This past Saturday, June 29th, Matthew and I went to the Twenty One Pilots concert at the Nationwide Arena in Columbus, OH.
I have been to several small venue concerts, one medium-sized concert, and four big concerts. I honestly prefer the smaller venues and here’s why:
During the entire show last Saturday, I was fighting off a panic attack.
We sat in the nosebleeds. We wanted to sit closer, much closer, but as soon as the tickets went live all of the closer seats were immediately taken. We barely even got the seats we did before everything was sold out! The seats we were in were extremely high off the ground, which made me very dizzy and stressed because I have a terrible fear of heights.

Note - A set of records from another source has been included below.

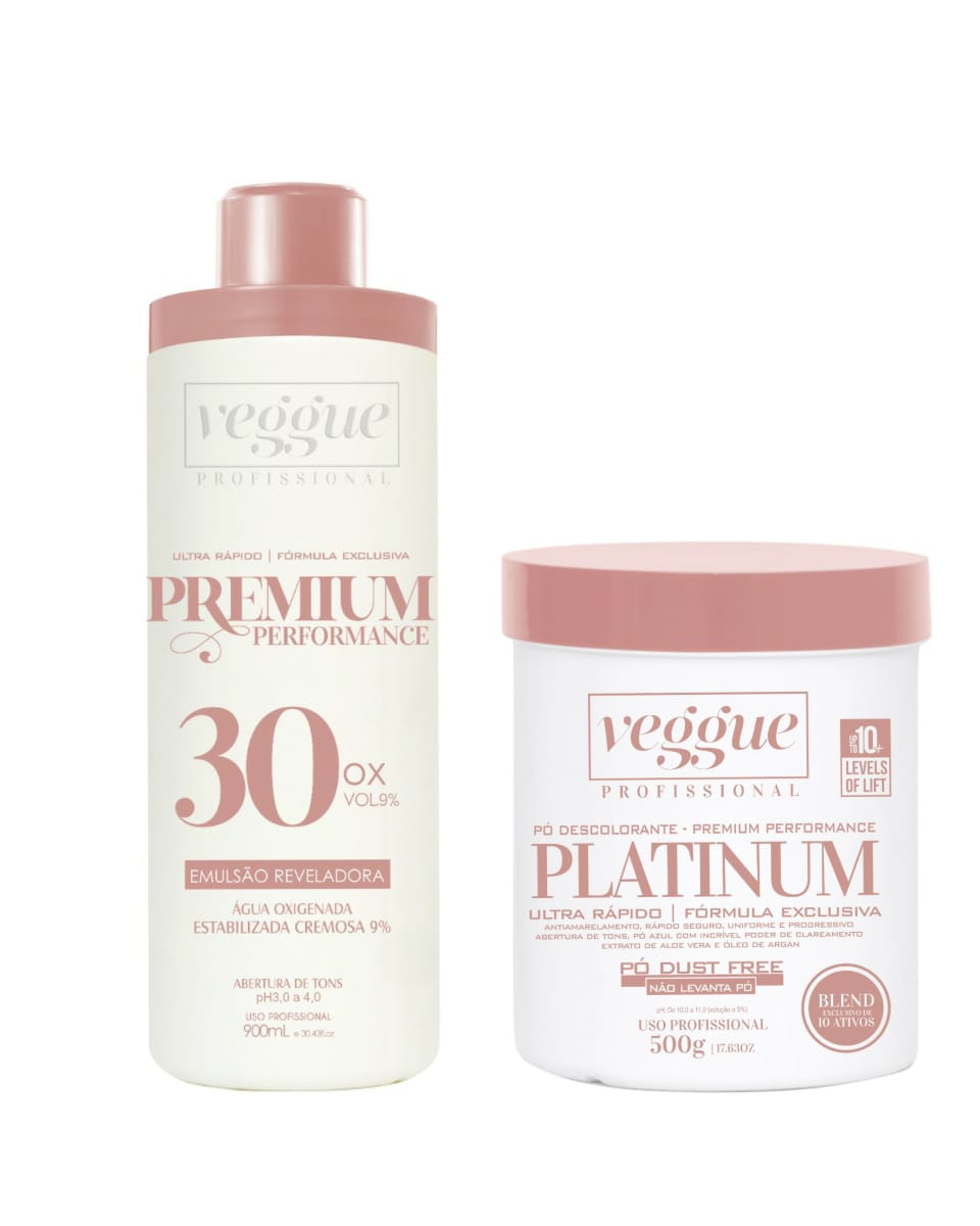 Kit Pó descolorante Premium Platinum Dust Free + Ox30 Volumes
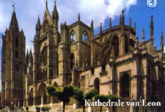 Nachdem wir um 8 Uhr in Mansila de las Mulas aufgebrochen waren, erreichten wir schon um 11,30 Uhr die Vororte von Leon. Die Strecke war sehr unangenehm zu gehen. Sie führte oft über größere Straßen und über eine große Brücke, wo wir dicht neben dem starken Autoverkehr gehen mußten. Dabei drohte es jeden Augenblick zu regnen anzufangen. Es ging aber gut, sodaß wir Leon mit trockener Kleidung erreichten. Zum Gehen war das Wetter jedenfalls besser, als wenn große Hitze geherrscht hätte. In Leon angekommen, stärkten wir uns erst mal auf einer Bank unter einer großen Platane. Bei nun einsetzendem leichten Nieselregen suchten wir unser ausgewähltes Quartier bei den Madres Benediktineros in der Calle Esturial auf. Die Herberge wurde aber erst um 16 Uhr geöffnet, trotzdem wies uns eine freundliche Schwester einen Raum an, in dem wir unser Gepäck schon abstellen durften.
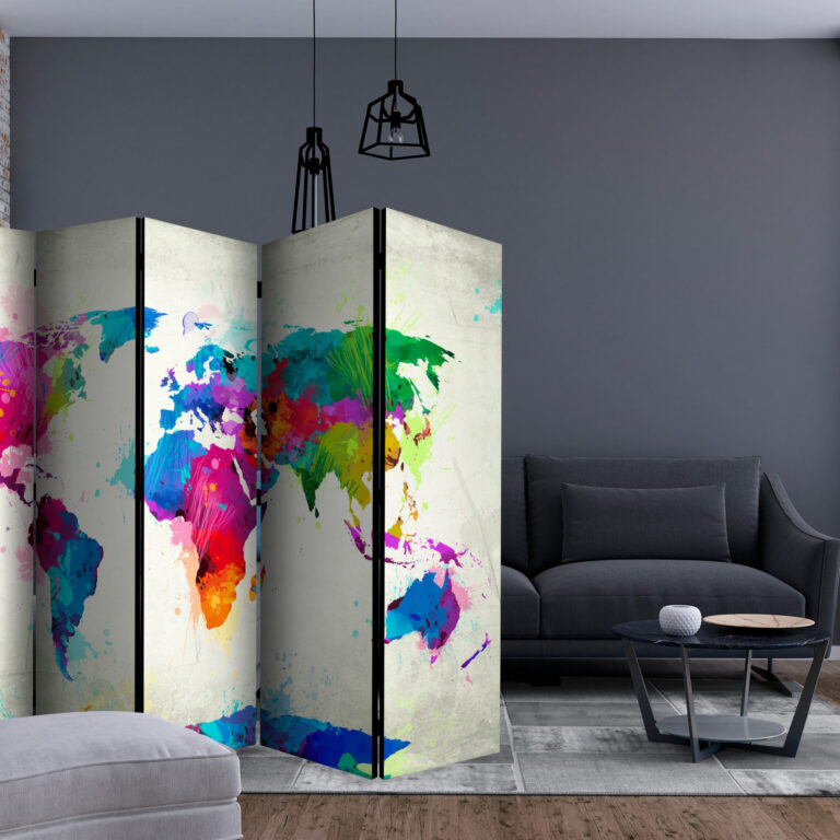 Het decoratieve vouwscherm “The map of happiness II [Room Dividers]” past uitzonderlijk mooi in een modern interieur. Het houten tweezijdig bedrukte vouwscherm geeft niet alleen een mooie opdeling van een ruimte maar geeft ook een fantastische flair aan uw interieur. De perfectie uitvoering en het originele motief in full HD uitvoering zorgen ervoor dat de kamervouwschermen iedere ruimte een originele charme verschaffen. Een prachtig kamervouwscherm is een zeer originele versiering en kan bijvoorbeeld prima worden toegepast in woningen of dienstruimten. (kapsalon, dokterskliniek, administratiekantoor etc)
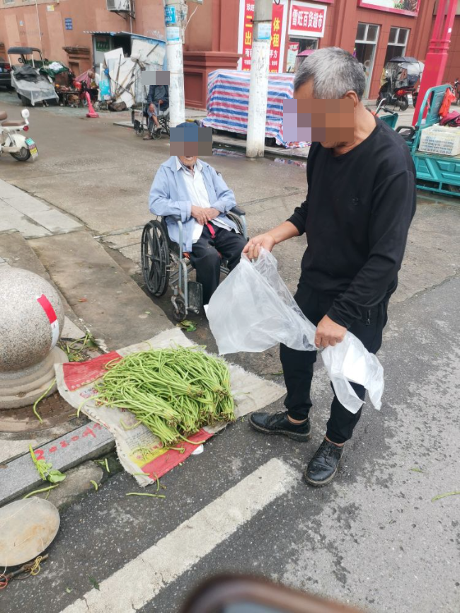 半塔,六十多岁的汉子,带着105岁的爹在卖豇豆,品相差,虫眼多,我刚好想腌点豇豆吃馒头,于是把豇豆都买下,8毛一斤,一共13块钱。
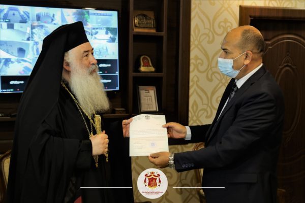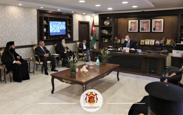 من جانبه، شكر صاحب السيادة المطران خريستوفوروس عطوفة المحافظ النسور ورئيس مجلس المحافظة المجالي على حسن الإستقبال ناقلًا تحيات صاحب الغبطة البطريرك كيريوس كيريوس ثيوفيلوس الثالث بطريرك المدينة المقدّسة مقدماً الشكر الجزيل على محبته الكبيرة والتعاون المميز الذي يجمع الكنيسة الأرثوذكسية المحلية بكافة مؤسسات الدولة الأردنية الهاشمية، مشيدًا بدور الهاشميين في الحفاظ على هوية المدينة المقدّسة من خلال الوصاية الهاشمية على المقدّسات المسيحية والإسلامية، مؤكدا أن الوجود المسيحي يحافظ على التوازن المجتمعي في بلادنا المقدّسة وعلينا أن نكون جميعًا يدًا واحدة حتى نجتاز التحديات القادمة، كما وقدم سيادته كافة الأوراق الكنسية والرسمية المتعلقة بتسليم الرئاسة الروحية للأرشمندريت سابا.
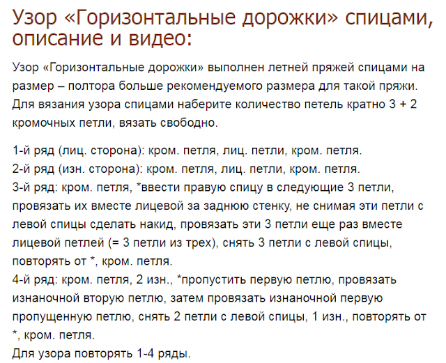 Простой узор спицами, узор плотный красивый и легкий. В рапорте узора две тепли и четыре ряда. Для образца узора нужно набрать количество петель кратное 2+2 кромочные петли

When the opening act began, I felt fine. They weren’t too loud and the crowd wasn’t screaming yet. But when Twenty One Pilots took the stage, I almost had to leave.
I am very sensitive to loud noises. I hate the word “trigger” because it is so overused and trendy to say nowadays, but loud noises honestly trigger my panic attacks.
They opened with the first song on their album, Jumpsuit. It was loud. I was sitting high above the ground. There were people all around me. And I felt like I couldn’t breathe.
The first thing I noticed was my breathing. I was breathing short, quick breaths and it didn’t feel like they were accomplishing anything. I then felt light-headed. The stage got darker and darker and I realized I was seeing in tunnel-vision. My ears started to ring so loud that I could hardly hear the music. My toes started to tingle, then went numb. The tingling was travelling up my feet. I felt like I might pass out.
I wasn’t surprised that this happened. It always does when I’m surrounded by lots of people or loud noises. Saturday night I was surrounded by both. I wanted to step outside and breathe, but I didn’t want Matthew to miss any of the show because I knew he would follow me. So I pushed through.
I couldn’t sing for the first half of the show because I felt like I couldn’t breathe. But I danced and pretended like I was fine. I kept reminding myself that this feeling isn’t forever and that I have control over my body.
I then began to pray. I asked God to take away my panic and anxiety. As soon as I prayed, I started to calm down. About halfway through the concert, I felt normal again. I was able to enjoy myself. I still couldn’t sing as much as I would have liked because being out of breath is another anxiety trigger for me. But I still had an amazing time.
I’m glad I decided to fight and control the anxiety rather than let it consume me and take away my enjoyment. Overall, the concert was wonderful and I do not regret going. I refuse to let my anxiety dictate whether I go or do something I truly want or not. I am in control of my anxiety, not the other way around.